Empowerment: The Children’s Zero Waste Climate Quilt Project made its debut at the Cheshire Children’s Museum in Keene, New Hampshire in March of 2017. It was inspired by another art piece that I started working on in New York City in 2012. I had been engaging the public at art openings and ecologically minded events to think about our plastic waste footprint through my art piece The Plastic Bag Project – a giant ball made from single-use plastic bags that have been cut into strips and then braided and crocheted together to form a kind of plastic rope. Imagine a huge ball of yarn, but made entirely out of plastic bags. The ball weighs over 80 lbs and when unrolled stretches out to the length of four football fields.

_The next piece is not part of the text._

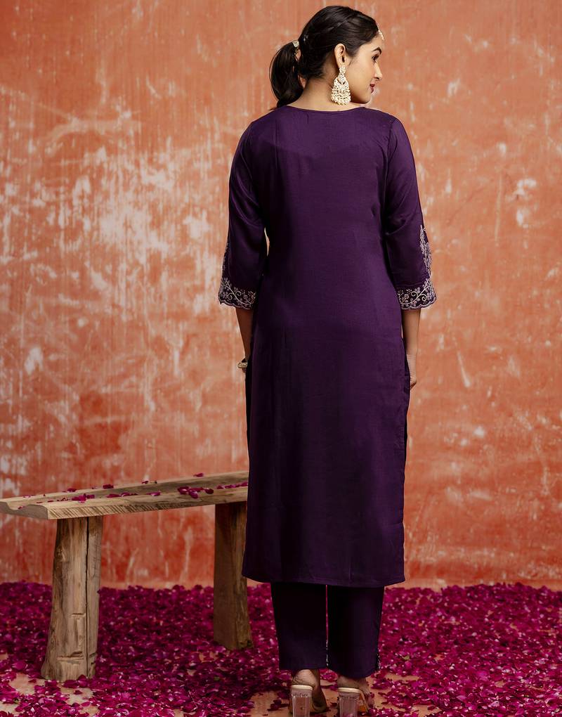 Women's embroidered silk blend kurta pant sets with dupatta stitched

I invited people to touch the ball, pull on it, try to lift it, unroll it, sit on it and sometimes even stand on it. It was a big hit and really helped people understand that one plastic bag might seem inconsequential, but more than six thousand bags can have a serious impact. I had many conversations about the problem of plastic pollution and its effects on the environment. Children, in particular, easily interacted with the ball and had much to say about the issues facing the planet. This inspired me so much that I began to think of another art project that would directly engage children to create their own art, and give them the opportunity to chime in on the issue.

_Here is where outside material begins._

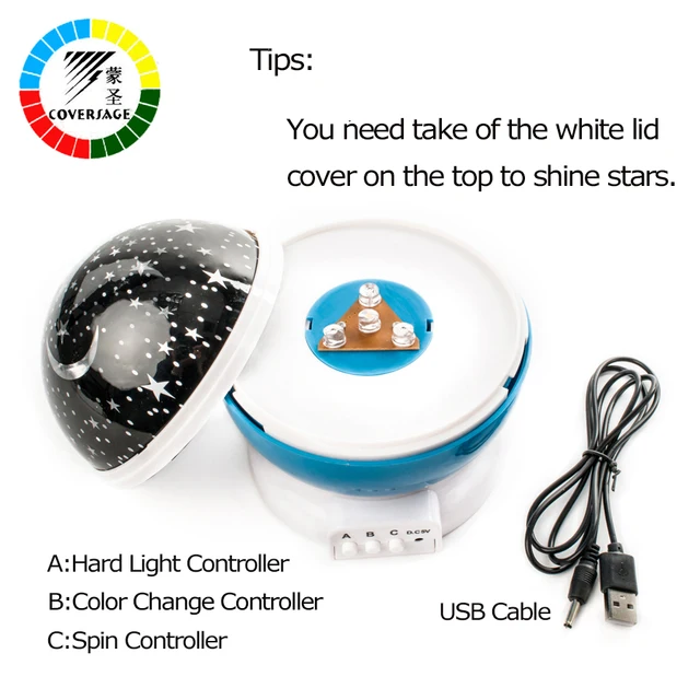 Важно: вам нужно снять белую крышку, чтобы быть проектором, чтобы светить звездами, пожалуйста, обратите внимание на этот момент.

At about the same time that the idea of a children’s art project began to take shape, I was educating myself on the science of climate change and its relationship to human waste and, in particular, to non-biodegradable and/or non-recyclable garbage. Through the course of my research, I came across the Zero Waste Movement, which aims to show that we can make a difference in the future health of the planet if we are mindful of the non-biodegradable or non-recyclable garbage that we put into landfills on a daily basis, and try to reduce it. Additionally, rather than contributing to unbridled consumerism and purchasing new items, we can strive to put to good use worn or used items that still have life in them.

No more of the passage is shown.